**HOW TO COMPLETE THIS TASK:**
There are pictures in the records below; leave them out and set down exactly the lines from the one holding "毕亚兹适用iPad Air1/2 9.7英寸保护套" through the one holding "- Precision Robotics: Three-DOF".

**DATA TO USE:**
▼▼▼

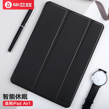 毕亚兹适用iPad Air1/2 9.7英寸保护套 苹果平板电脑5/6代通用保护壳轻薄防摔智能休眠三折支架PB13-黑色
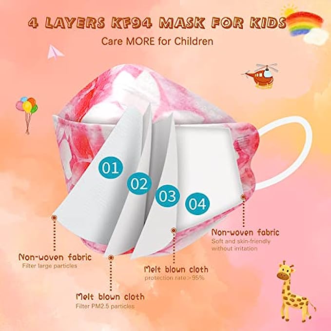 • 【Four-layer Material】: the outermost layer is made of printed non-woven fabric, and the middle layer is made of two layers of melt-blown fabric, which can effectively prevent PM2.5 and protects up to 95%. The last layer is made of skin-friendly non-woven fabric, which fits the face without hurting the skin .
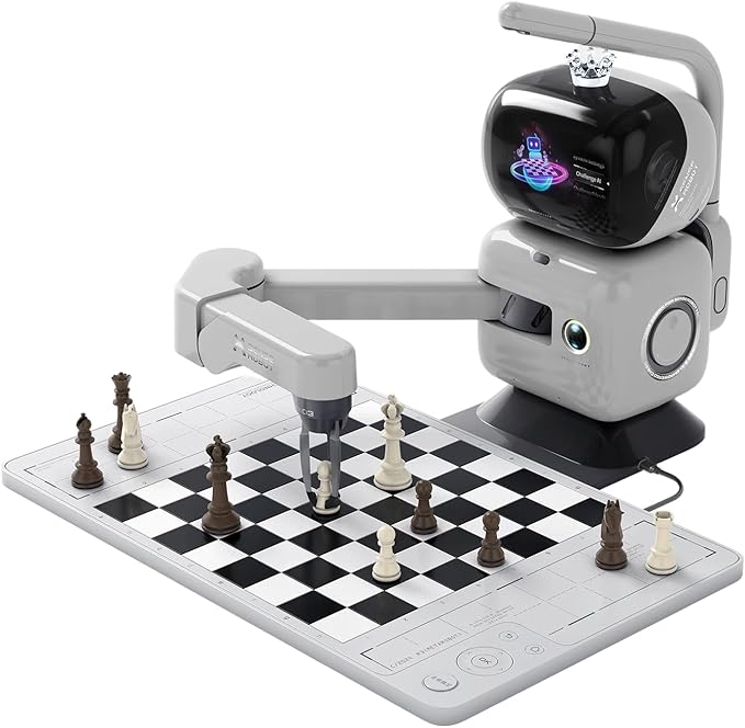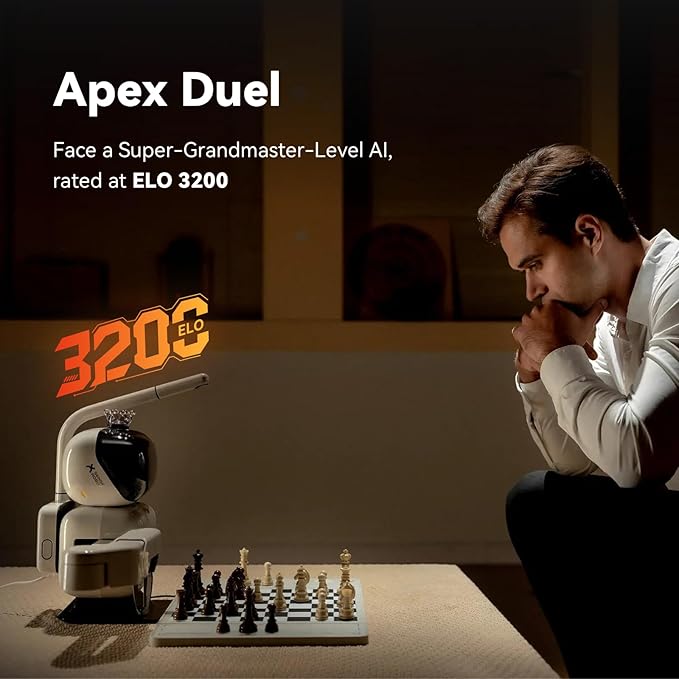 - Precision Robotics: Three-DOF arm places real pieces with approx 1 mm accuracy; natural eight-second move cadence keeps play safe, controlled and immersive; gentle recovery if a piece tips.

▲▲▲
▼▼▼

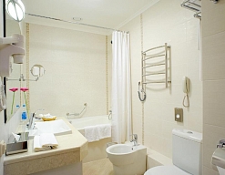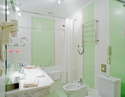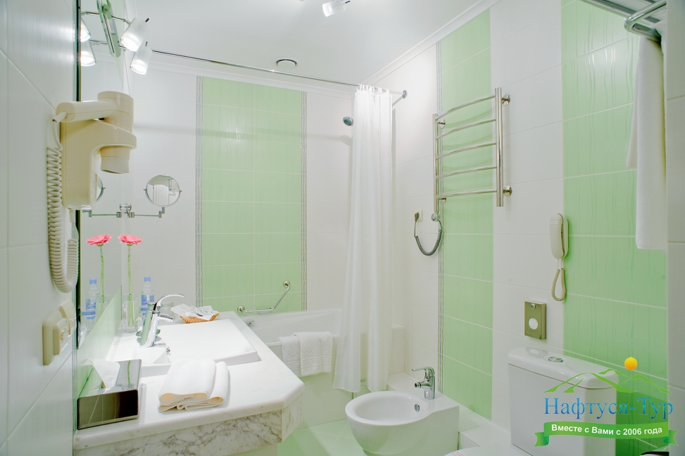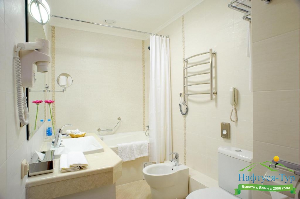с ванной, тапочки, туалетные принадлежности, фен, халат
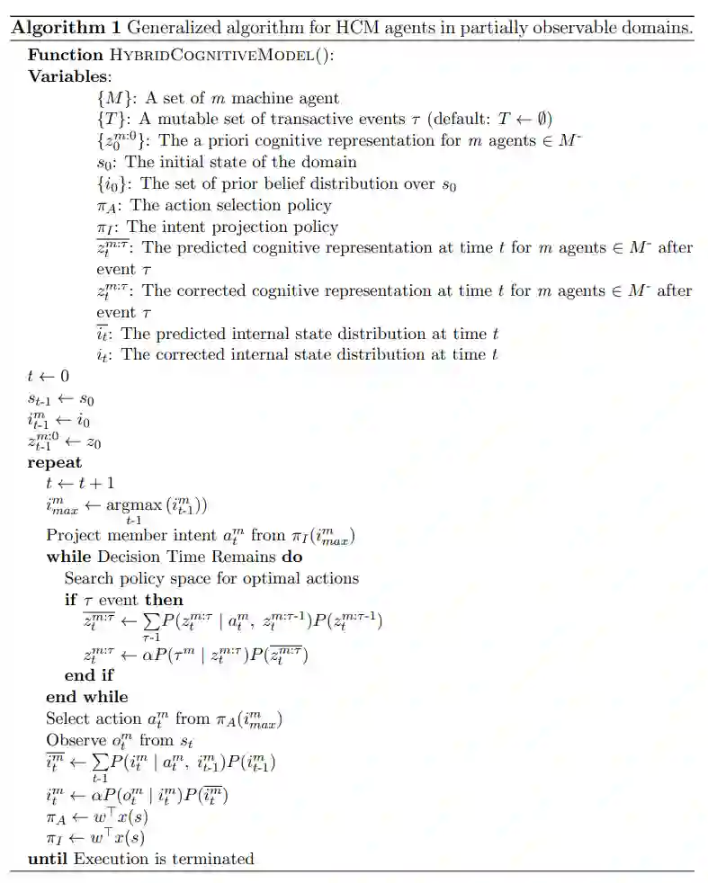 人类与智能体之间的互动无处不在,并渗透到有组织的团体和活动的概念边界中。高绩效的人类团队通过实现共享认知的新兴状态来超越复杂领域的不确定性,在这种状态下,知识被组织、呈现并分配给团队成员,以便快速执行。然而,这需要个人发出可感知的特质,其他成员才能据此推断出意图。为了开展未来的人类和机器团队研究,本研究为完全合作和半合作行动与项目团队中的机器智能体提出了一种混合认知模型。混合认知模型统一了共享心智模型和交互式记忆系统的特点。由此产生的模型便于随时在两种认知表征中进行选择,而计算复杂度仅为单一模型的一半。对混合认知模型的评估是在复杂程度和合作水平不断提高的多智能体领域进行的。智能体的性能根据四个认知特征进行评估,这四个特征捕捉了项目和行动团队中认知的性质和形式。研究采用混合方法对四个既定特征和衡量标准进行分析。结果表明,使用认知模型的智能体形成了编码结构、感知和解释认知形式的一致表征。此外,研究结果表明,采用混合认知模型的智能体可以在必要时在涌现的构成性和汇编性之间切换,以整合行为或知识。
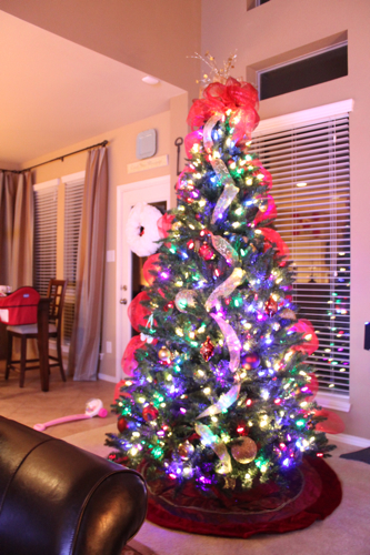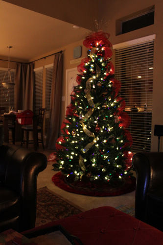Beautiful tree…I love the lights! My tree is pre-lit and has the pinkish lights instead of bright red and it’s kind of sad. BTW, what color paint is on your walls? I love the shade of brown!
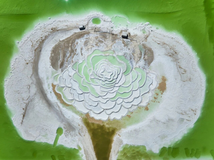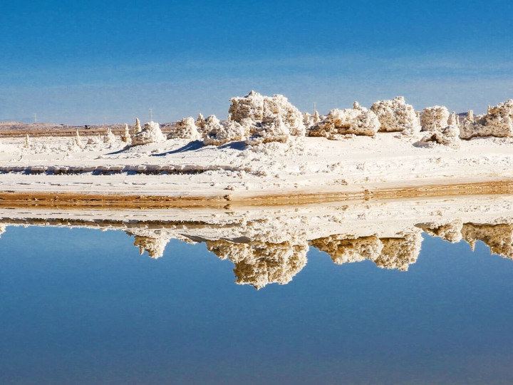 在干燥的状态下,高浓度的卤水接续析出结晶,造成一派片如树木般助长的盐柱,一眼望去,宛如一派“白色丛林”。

▲▲▲

**WRITTEN ANSWER:**
 毕亚兹适用iPad Air1/2 9.7英寸保护套 苹果平板电脑5/6代通用保护壳轻薄防摔智能休眠三折支架PB13-黑色
 • 【Four-layer Material】: the outermost layer is made of printed non-woven fabric, and the middle layer is made of two layers of melt-blown fabric, which can effectively prevent PM2.5 and protects up to 95%. The last layer is made of skin-friendly non-woven fabric, which fits the face without hurting the skin .
 - Precision Robotics: Three-DOF arm places real pieces with approx 1 mm accuracy; natural eight-second move cadence keeps play safe, controlled and immersive; gentle recovery if a piece tips.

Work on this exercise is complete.